Winnicott’s work has focused almost exclusively on the bond between mother and child. The mother figure was for him an essential psychological support for the development of an authentic, healthy and happy self. These are the main points of his thought:

1. The child does not exist without the mother

The maternal presence, an absolute, safe and loving closeness, is what shapes the psychic entity of the child. Without it, therefore, the child does not exist: he needs this physical and emotional envelope to grow, in all senses.

2. Transitional phenomena

Transitional processes represent the passage from one phase to another. Doing it safely with parental help guarantees success. Examples of transitions are the transition from breast sucking to solid feeding, from barking to speech, from crawling to standing.

3. Play, a vital need

Through play, the child comes into contact with his own sense of existence and with his own identity. It is a space in which the child imagines, experiments, learns, invents, shares. Everything that happens within this mental universe favors its evolution.

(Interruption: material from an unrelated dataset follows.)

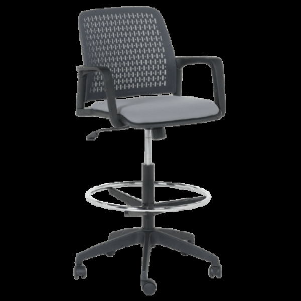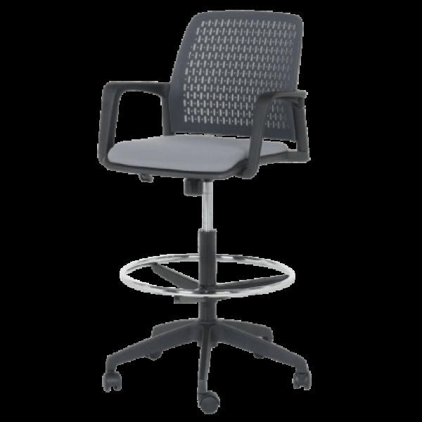 Работен офис стол Carmen 7556 комбинира функционалност и комфорт. Благодарение на регулируемата си височина и хромирана степенка тип ринг, той може да се използва както като обикновен офис стол, така и като висок работен стол. Степенката осигурява удобна опора за краката и предпазва от неприятното усещане за „висящи“ крака при по-висока позиция на седалката. Седалката е тапицирана с дамаска, а облегалката е изработена от полипропилен с мрежеста структура за по-добра вентилация и циркулация на въздуха. Пълна информация за размерите и характеристиките на модела ще намерите в таблицата в таб/поле 'Техническа информация'.

4. Being a parent is joy and the mother must have confidence in herself

Winnicott focused his attention above all on the positive, joyful aspects of upbringing and parenting. He always maintained the belief that it was necessary to trust the maternal instinct. In fact, a mother always knows what is best for her child.

5. The danger of the “false self”

The danger of the false ego arises when the child does not feel cared for, loved and understood. It is at this point that he chooses to be “other”. He will then be a human being full of needs, constantly seeking the attention of others. He will be a child inhabited by voids, deprived of the means to individualize himself, to develop his personality in a healthy way.

Ultimately, Winnicott’s contribution to the evolution of psychoanalysis was innovation. He highlighted the parents (especially the mother) as key figures of the human being’s earliest relationships.